The staff of the Division of Corporation Finance responded with a brief no-action letter (available here), stating that the Division would not recommend enforcement action if TurnKey offers and sells the token without registration as described in the request.  In agreeing with TurnKey’s position that the tokens did not constitute securities, the letter emphasized the following:

  • TrueKey will not use the sale proceeds to develop the network.
  • The network will be fully developed at the time of sale.
  • Token sale will be restricted.
  • TrueKey will sell tokens for $1 US on an ongoing basis, and any repurchases will be at a discount from face value.
  • TrueKey has marketed the token for its functionality, not investment potential.


Neither the Framework nor the no-action letter represents a departure or even a modification of prior positions taken by the SEC (and increasingly by federal courts).  They do, however, crystallize some detailed considerations that issuers and others in the industry can look to for guidance.  Overall, it seems that tokens will likely be considered securities by the SEC if they (1) are freely tradeable for profit and (2) derive value in part not just from market forces but also from an underlying common enterprise (such as an issuer enterprise that provides token holders with profit payments, equity, or even services).  This explains the apparent exclusions for pure cryptocurrencies such as Bitcoin, which do not derive value from an underlying common enterprise (the SEC has now clarified that a distributed enterprise, such as a group of mining nodes, will not qualify); for stablecoins, which by definition should not be profitable; and for pure utility tokens, like TurnKey’s token, that also should not be profitable.
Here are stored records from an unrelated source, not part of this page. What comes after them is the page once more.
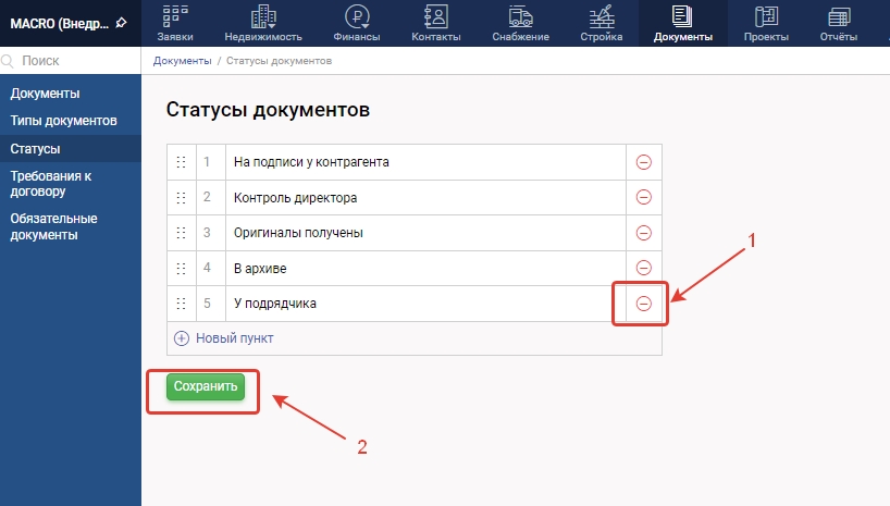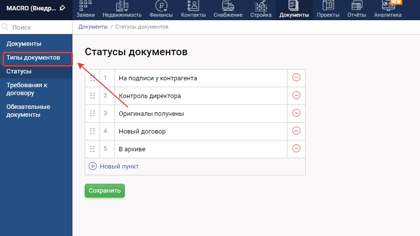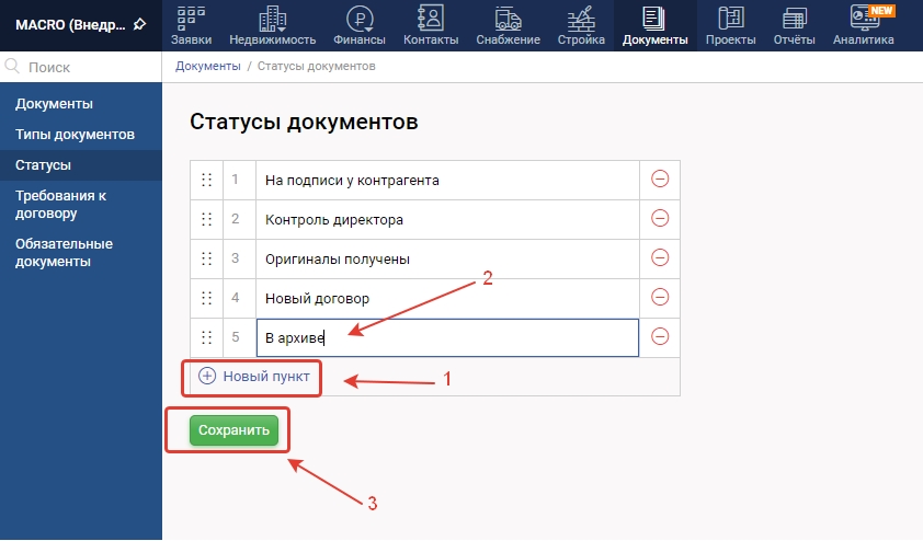 3. Для создания нового статуса нажмите "+Новый пункт", в появившейся строке введите название статуса и нажмите "Сохранить"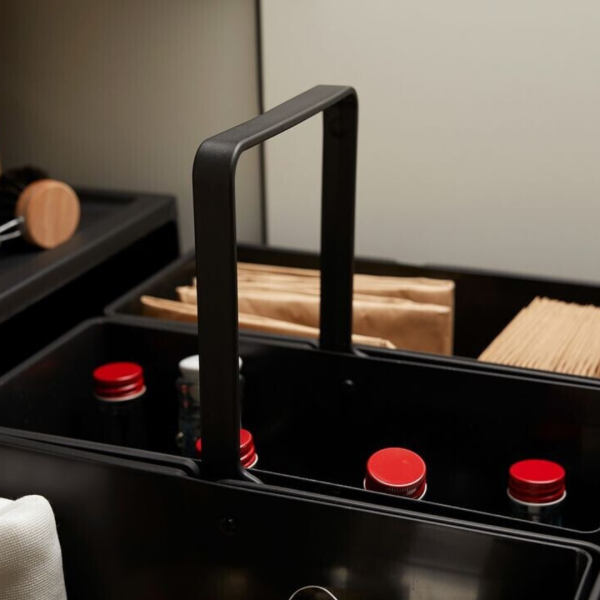 – Hệ thống rác thải với 2 thùng rác (2 x 13 lít ); đối với tủ đế 45 cm có cửa xoay – tự động mở rộng qua cửa bắt.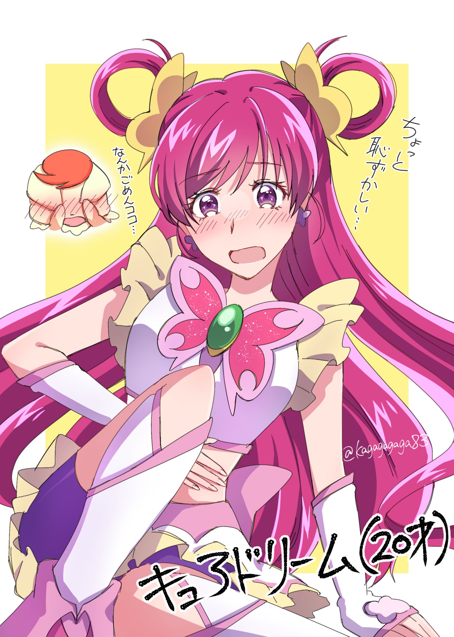 1girl 1other aged_up bike_shorts blush breasts brooch butterfly_brooch butterfly_earrings coco_(precure) cure_dream earrings embarrassed hair_ribbon hair_rings highres jewelry kagagagaga83 long_hair medium_breasts midriff open_mouth pink_hair precure purple_eyes ribbon skirt twitter_username yes!_precure_5 yumehara_nozomi

More generally, in our view the Framework and TurnKey’s no-action letter symbolize a maturing of the industry and acceptance by regulators.  The SEC has now stated more clearly than ever that not every digital asset is a security and that prudent digital asset issuers can avoid securities regulation under certain circumstances.  At the same time, it remains clear that calling an asset a “token” or a “coin” will have little, if any, bearing on whether the SEC will view it as a “security.”  As always, digital asset issuers will need to carefully analyze the characteristics of those assets before determining what regulatory scheme(s) may apply.